Yes that's true. And the worst thing is that the system does not allow to put these things right, there are simply no legal ways to explore. And the Ministers must be so stupid for not realising this and burdening themselves up with lots of work that could be avoided.Chess wrote: Unfortunately there are several hundreds of thousands of people in your situtaion (either knowingly or unknowingly)...
Thanks again but it may never be resolved if no new rules are introduced. Will have to wait 14 years like Binnacle.Chess wrote: ...I hope your situation gets resoled soon - Keep us updated and Good Luck
Sorry did not get you. What do you mean by "new strategy" and for what?Chess wrote: PS. What is the proposed new strategy?
Oh yes. Looks like I have to do that. I have "served" 7, so there isn't much left to go...Chess wrote: Just stay put and 'SERVE' your time. The 14 years will lapse before you know...
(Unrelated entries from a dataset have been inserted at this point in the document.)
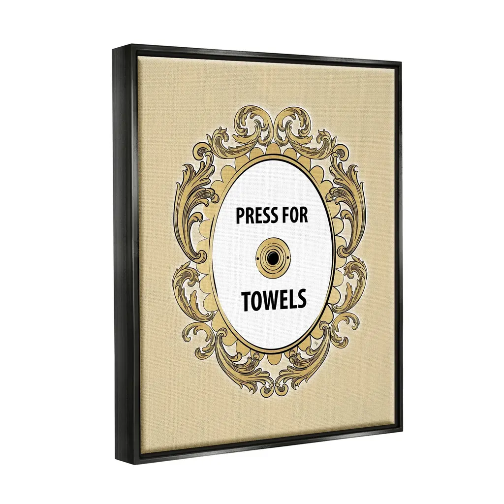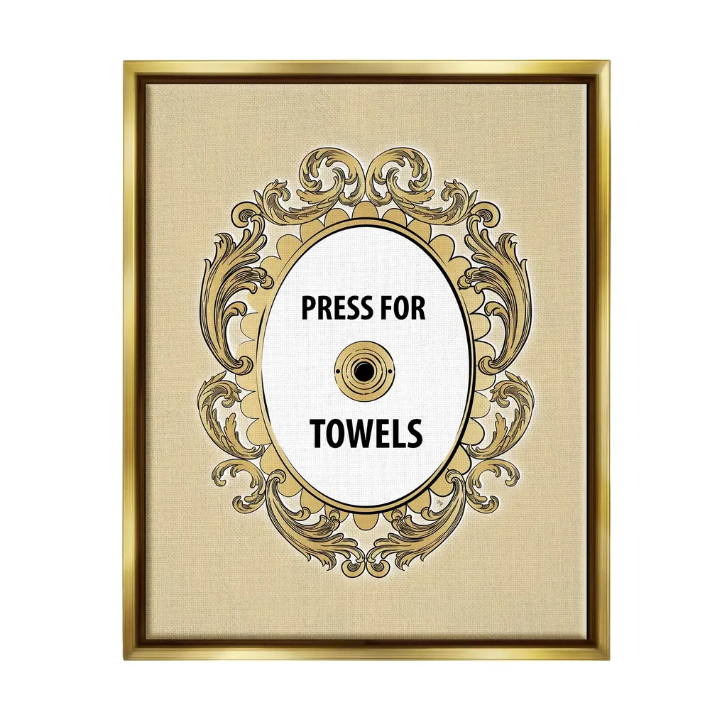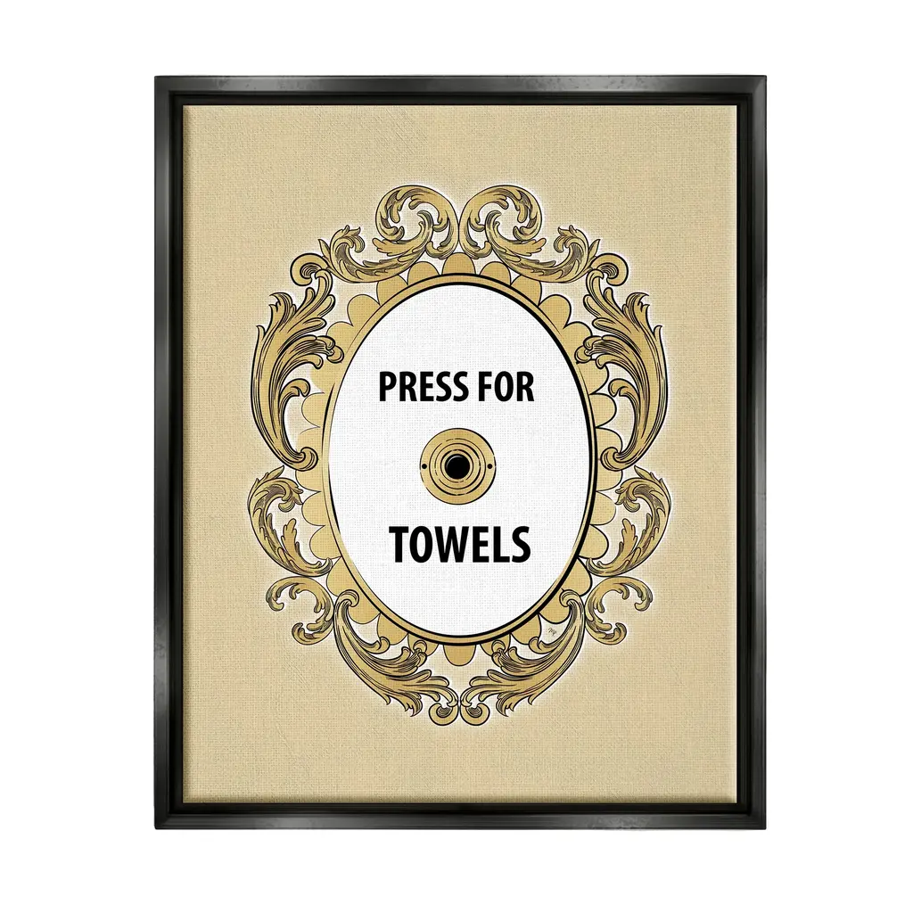 Elevate your home or office to the next level with Stupell Framed Floating Canvas Wall Art. Our premium hand-stretched canvas is mounted securely into a sturdy lightweight frame. The museum-style gap between the wrapped canvas and the box frame gives the illusion of floating artwork. Stupell Wall Art is made in the USA.Features: Dimensions: 17 x 1.7 x 21 Frame, 16 x 1.5 x 20 Canvas ArtFloating Frame Sizes Include Standard: 17 x 1.7 x 21 Oversized: 25 x 1.7 x 31Wall Art is Ready to Hang - No Installation or Hardware Needed. For Easy Set Up Lean or Layer Artwork on Shelf or Against Wall.Our elevated 1.7" Thick Floating Frame is the perfect complement to our canvas style Wall Art. We use only the highest quality inks in house with industry leading printing solutions. Canvas is hand stretched over a durable wood foundation and then mounted securly into a Modern Box Frame. Made in the USA.Artwork Relates To: Ornate, Bell, Baroque, Bathroom, Humor, Press For TowelsDesign by Martina Pavlova
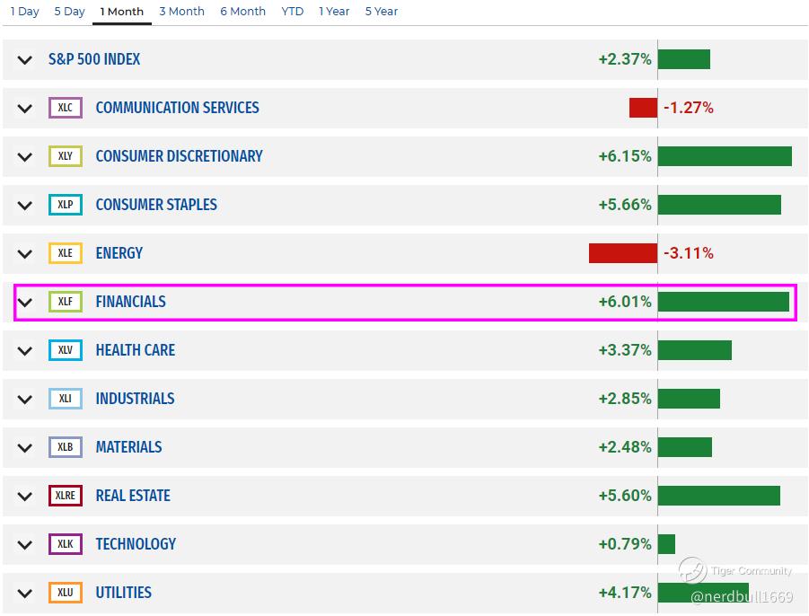 One of them is XLF which has a +6.01% gain over the one month period. This is the ETF fund we can considered for this sector $Financial Select Sector SPDR Fund(XLF)$
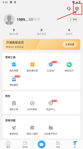 1、打開商務名片類APP,點擊底部我的選項,進入個人中心頁面。

That's the point that I am not an overstayer. There was no overstay at all and there is absolutely no legal basis to treat me like one. Although I do exactly all these things (apart from Church, sorry) as you say but it cannot just last like this for good. I even have offers from universities abroad for research positions now (as a Ph.D. graduate) but I cannot make a move. For example, I get enough points to migrate to AU as a Skilled Migrant but when I start applying my "overstayer"'s records in the UK will come up and I may be denied my visa. You see how important it is to clear my name and get rid of all those records? I am not even that much concerned of continuing to live in the UK but the first and foremost - to justify my innocence.Chess wrote: ... having something else to focus on, like studying , marrying, having children and working, being active at Church etc. Holidaying in Scotland, Blackpool, Brighton, Scarborough etc..
Did not work out. This is how I became aware that I was classed as an overstayer. My mother went to the Embassy some years ago and applied for a visa to come and see me. She did not use me as a sponsor but they immediately brought up their records on my name and rejected her application.Chess wrote: Family visits from abroad etc...
I don’t think this can easily happen now a days. Even if you are contracting, your agency will make sure that you are legally entitled to sign a contract without a sponsorship.Out of curiosity- how would the HR department of a Fortune 100 company employ somebody without verifying that the employee is entitled to work in the UK (assuming that you are employed by the firm, not consulting for them as a paid consultant?)
Are you sure it was in 2002? I thought Browne brought this in last year in May.vin123 wrote: I remember sometime in 2002, companies were instructed by govt (home office sending an instruction pack and leaflet) to follow strict guidelines while offering employment to a person. They make it applicable even if the candidate claims to be a British citizen. Most of the companies, including employment agencies and recruitment consultants follow the same route now.